Abstract Aim: Addiction is an important social and health problem in many Middle Eastern countries. Studies show that opium is the most commonly used substance after tobacco in many countries, especially in Iran. Opium is obtained from the seeds of the Papaver somniferum plant and contains more than 40 different alkaloids, the most important of which are morphine, codeine, papaverine, noscapine, and thebaine. Various studies show that morphine, which is one of the most important substances in opium, increases the production of free radicals in the body and reduces the antioxidant capacity. Opium consumption has various adverse health effects on the body. Therefore, long-term use of this combination can be related to some pathological consequences, including neurological disorders, liver toxicity, kidney dysfunction, oxidative stress, and apoptosis. Most drugs are metabolized by liver hepatocytes and excreted by kidney cells. Therefore, opium consumption can directly cause damage to liver cells. Free radicals play an important role in liver diseases. The increase of free radicals and on the other hand the decrease of antioxidants in the body caused liver toxicity. Oxidative stress is caused by an imbalance between the production of free radicals and their neutralization inside the body by antioxidant defense mechanisms.
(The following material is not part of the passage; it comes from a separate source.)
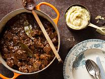 Een ambachtelijke stoofpot met rijke smaken voor 2 personen, geserveerd met romige aardappelpuree en een zachte ui-wortelcompote.

Oxidative stress is produced in various diseases, consumption of toxic substances, and old age, since it is not possible to investigate the effect of opium on human liver cells, and no study has been conducted in this field. The liver is the most important organ that is directly responsible for the metabolism and excretion of opium. Therefore, in this study, the effects of opium on oxidative stress markers in HepG2 cell line were determined.
Material and methods: Human liver cancer cell lines (HepG2) were used in this experimental study. At first, the cell line was placed in a 25 ml flask in the culture medium. DMEM (Dulbecco's modified Eagle's medium) containing 10% FBS (Fetal bovine serum), and 1% penicillin and streptomycin antibiotics were incubated in a 37°C incubator with 5% CO_{2 .} The cells were treated with different concentrations of opium (0-100ug/ml) for 24 hours. Then IC₅₀ was determined and then a lower concentration, IC₅₀, and a higher concentration (three concentrations in total) were used for further studies.
The lipid peroxidation was measured by thiobarbituric acid method. The total oxidant was measured using xylenol orange. The amount of total antioxidants was determined by the FRAP (Ferric Reducing / Antioxidant Power) method. The catalase, glutathione peroxidase, and superoxide dismutase enzyme activities were measured by colorimetry methods. the data was entered into SPSS software (Version 20)  and analyzed using ANOVA and Tukey statistical tests. P less than 0.05 was considered a significant level. Results: Statistical analysis results indicated a significant difference in the amount of oxidative stress factors compared with control (p<0.001). In the group receiving opium with a dose of 60 and 70 mg/ml compared to the control group, the amount of TOS and MDA increased significantly (p<0.001), while the amount of TAC decreased (p<0.001). Also, the activity of catalase, glutathione peroxidase, and superoxide dismutase enzymes decreased in opium-treated groups (p<0.001). Conclusion: The results of this research showed that opium had a lethal effect on HepG2 cells. Also, opium caused an increase in oxidative stress in this cell line, which indicates the vulnerability of the liver against this compound. The results of this study show that although opium has analgesic effects, it can seriously damage the liver tissue.